Spicy Soup Noodles
 
Prep time
Cook time
Total time
 
Author:
Recipe type: Main
Ingredients
  • 500 g ground beef
  • 2 Tbsp honey
  • ¼ tsp sesame oil
  • 1 chicken bouillon cube
  • 8 cups water
  • 5 cloves garlic, minced
  • 2 Tbsp soy sauce
  • 1 Tbsp sriracha, plus extra to taste
  • ⅛ cup fresh lime juice
  • 300 g shanghai soup noodles or dried spaghettini*
  • 3-4 bunches baby bok choy, trimmed
  • 1 crown broccoli, trimmed
  • 2-3 green onions, thinly sliced
  • Lime wedges, to garnish
Instructions
  1. Add the ground beef to a dry pan (no oil). Brown on medium-high heat and drain well.
  2. Once the beef has been drained, return it to the heat and keep cooking it, stirring frequently, until the meat is golden and crunchy. This is counter-intuitive but will create a nice flavour and texture for your soup.
  3. Once the meat is crispy and brown, remove from heat and coat well with honey and sesame oil.
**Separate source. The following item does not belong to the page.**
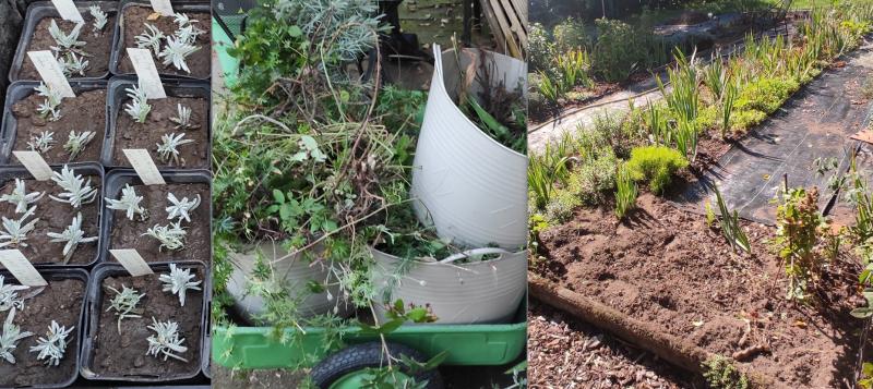 über das WE in einer Gewaltaktion etwas weniger als die Hälfte des Kleingartens gerodet, den wir aufgeben. Die Auflage war, alles an Bewuchs außer Bäume zu entfernen. mir ist das nicht ganz schlüssig, wollte aber nicht diskutieren. Esist in jedem Fall eine sehr deprimierende Aufgabe, einen voll blühenden Garten dem Erdboden gleich zu machen.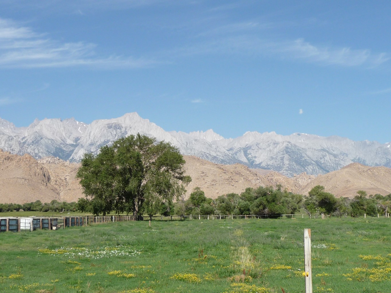 Unendlich lange fuhren wir durch die Bruthitze und überquerten dabei 2 Pässe. Bei den Bergfahrten mussten wir jeweils die Klimaanlage ausschalten, um ein Überhitzen des Motors zu vermeiden. Kaum waren wir der Wüste entflohen, sahen wir auch schon den höchsten Berg Kontinentalamerikas, den Mount Whitney.

Set aside.
  4. Dissolve your bouillon cube in 8 cups of water and bring to a boil. Add noodles and cook until not quite al dente.
  5. Add your bok choy and broccoli to the boiling noodles and cook for 1-2 minutes, until bright green and lightly cooked. Remove pot from heat.
  6. Add garlic, soy sauce, lime juice and the sriracha and give the soup a quick mix with a pair of tongs.
  7. Serve immediately topped with a hefty sprinkle of sweet crumbled beef, fresh green onions and a slice of lime (and more sriracha if you’re zesty like me).
Notes
* If you are using fresh noodles, add them at the same time as the bok choy and broccoli, as they will cook very quickly. If you think you will have leftovers, I recommend using regular spaghettini instead, as it will get mushy less quickly.